### Extracted records
•••
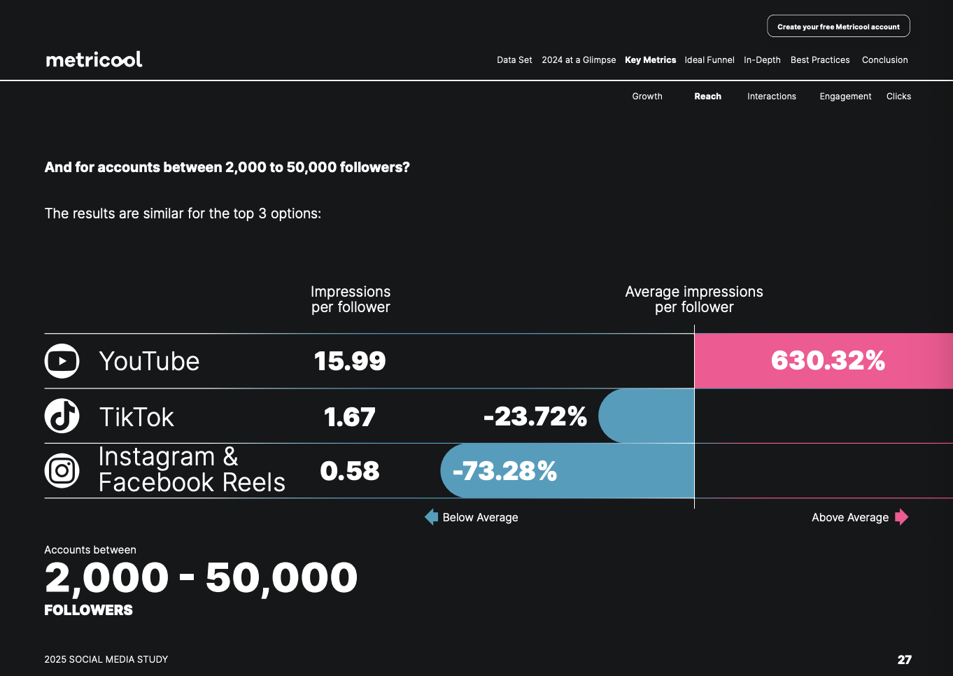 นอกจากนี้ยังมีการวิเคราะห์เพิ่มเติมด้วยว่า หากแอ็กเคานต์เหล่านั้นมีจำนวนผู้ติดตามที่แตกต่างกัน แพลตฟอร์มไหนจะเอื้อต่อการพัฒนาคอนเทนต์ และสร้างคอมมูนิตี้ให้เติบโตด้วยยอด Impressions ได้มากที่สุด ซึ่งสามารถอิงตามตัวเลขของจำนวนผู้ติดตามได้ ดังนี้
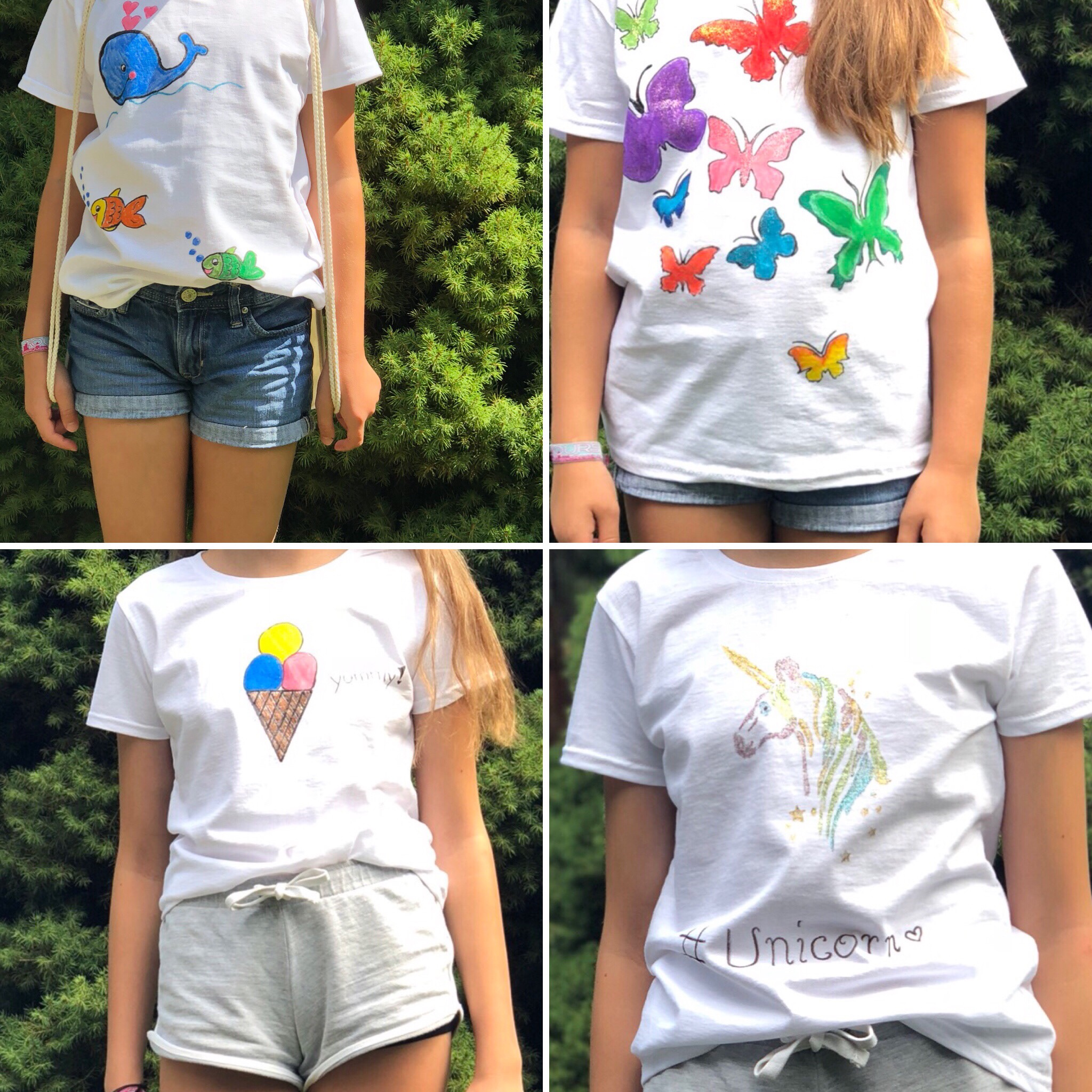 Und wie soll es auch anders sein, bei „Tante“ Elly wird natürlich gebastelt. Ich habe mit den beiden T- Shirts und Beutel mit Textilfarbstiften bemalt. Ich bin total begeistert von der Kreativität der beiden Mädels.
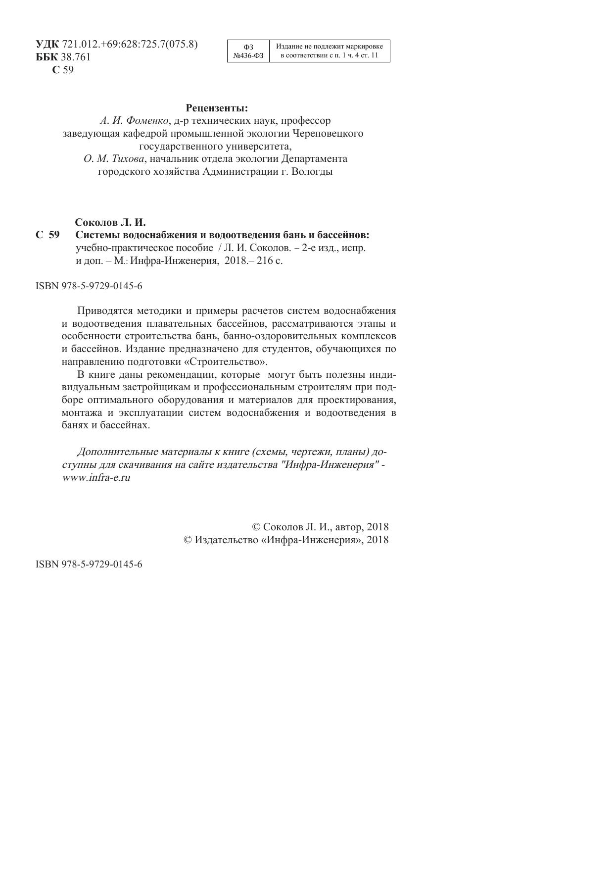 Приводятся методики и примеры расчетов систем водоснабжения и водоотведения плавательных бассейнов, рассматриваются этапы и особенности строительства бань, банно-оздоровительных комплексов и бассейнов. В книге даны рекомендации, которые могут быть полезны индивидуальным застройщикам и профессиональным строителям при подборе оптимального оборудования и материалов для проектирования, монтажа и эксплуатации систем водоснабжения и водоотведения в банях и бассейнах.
•••
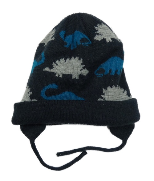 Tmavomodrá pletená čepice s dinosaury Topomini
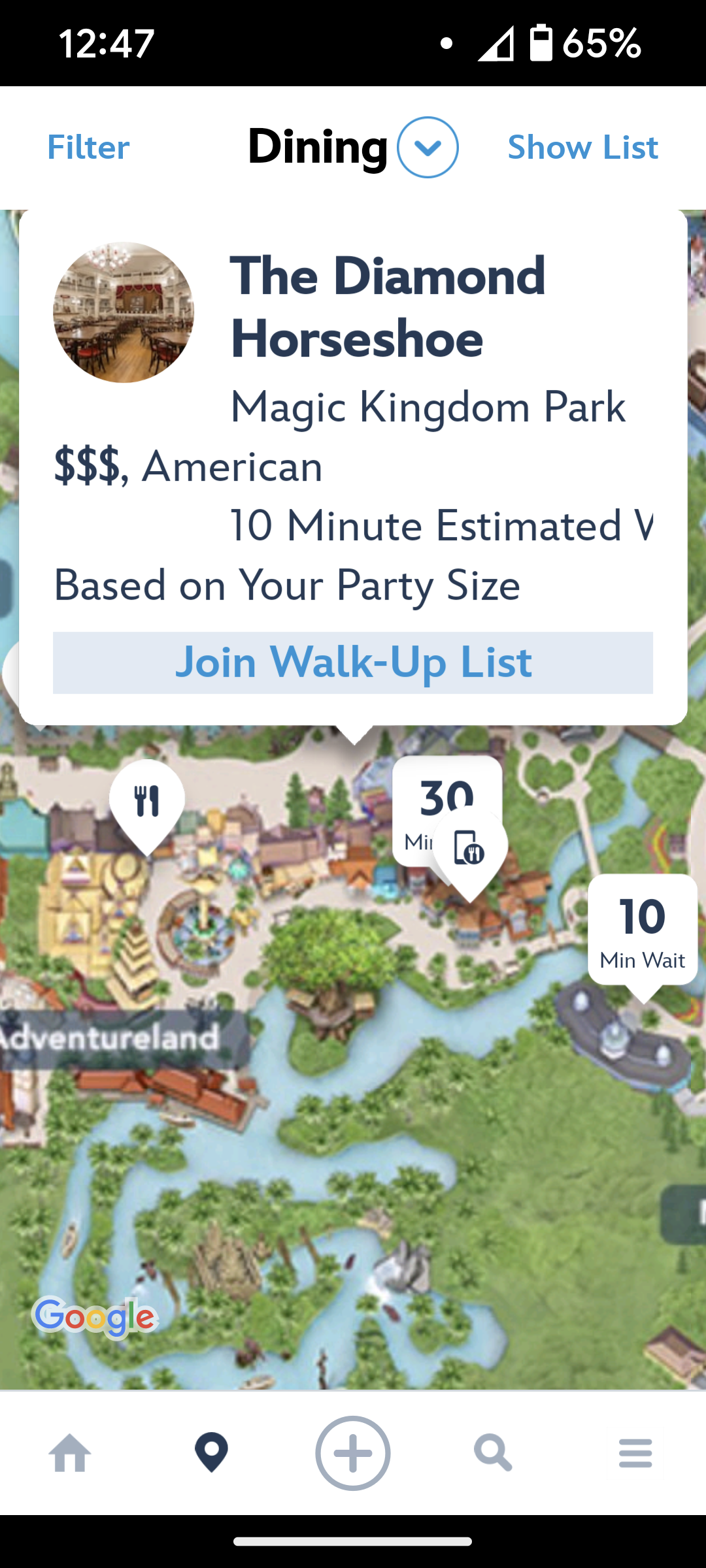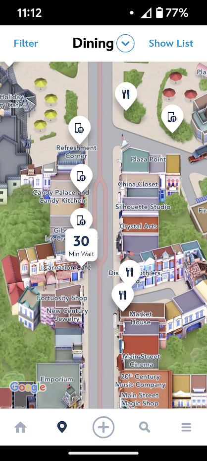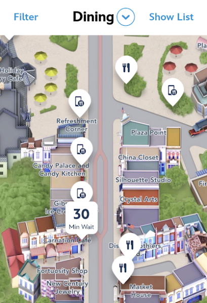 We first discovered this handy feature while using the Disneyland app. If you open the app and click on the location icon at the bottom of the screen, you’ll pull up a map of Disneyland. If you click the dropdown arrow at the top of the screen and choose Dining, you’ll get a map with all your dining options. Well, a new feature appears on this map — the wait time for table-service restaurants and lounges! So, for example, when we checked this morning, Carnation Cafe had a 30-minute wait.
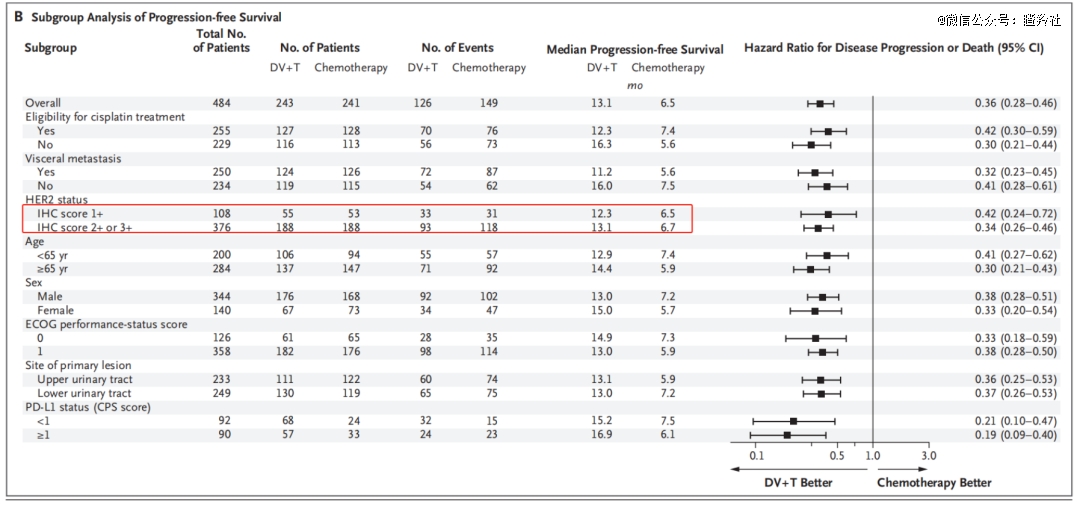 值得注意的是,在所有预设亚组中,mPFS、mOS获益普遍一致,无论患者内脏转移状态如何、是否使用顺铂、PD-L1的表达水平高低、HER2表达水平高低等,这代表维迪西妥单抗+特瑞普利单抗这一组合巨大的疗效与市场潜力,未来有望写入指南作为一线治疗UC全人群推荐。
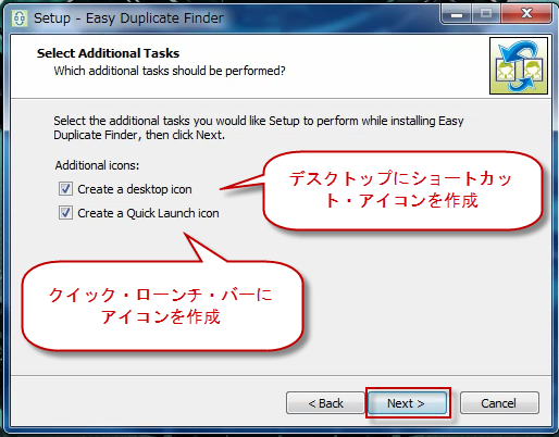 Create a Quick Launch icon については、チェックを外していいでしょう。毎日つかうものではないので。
•••
Skipping the pictures, print the lines in the listing above exactly as written, starting at the line with "ได้มากที่สุด ซึ่งสามารถอิงตามตัวเลขของจำนวนผู้ติดตามได้ ดังนี้" and ending at the line with "Приводятся методики и", both included.

### Your solution
 นอกจากนี้ยังมีการวิเคราะห์เพิ่มเติมด้วยว่า หากแอ็กเคานต์เหล่านั้นมีจำนวนผู้ติดตามที่แตกต่างกัน แพลตฟอร์มไหนจะเอื้อต่อการพัฒนาคอนเทนต์ และสร้างคอมมูนิตี้ให้เติบโตด้วยยอด Impressions ได้มากที่สุด ซึ่งสามารถอิงตามตัวเลขของจำนวนผู้ติดตามได้ ดังนี้
 Und wie soll es auch anders sein, bei „Tante“ Elly wird natürlich gebastelt. Ich habe mit den beiden T- Shirts und Beutel mit Textilfarbstiften bemalt. Ich bin total begeistert von der Kreativität der beiden Mädels.
 Приводятся методики и примеры расчетов систем водоснабжения и водоотведения плавательных бассейнов, рассматриваются этапы и особенности строительства бань, банно-оздоровительных комплексов и бассейнов. В книге даны рекомендации, которые могут быть полезны индивидуальным застройщикам и профессиональным строителям при подборе оптимального оборудования и материалов для проектирования, монтажа и эксплуатации систем водоснабжения и водоотведения в банях и бассейнах.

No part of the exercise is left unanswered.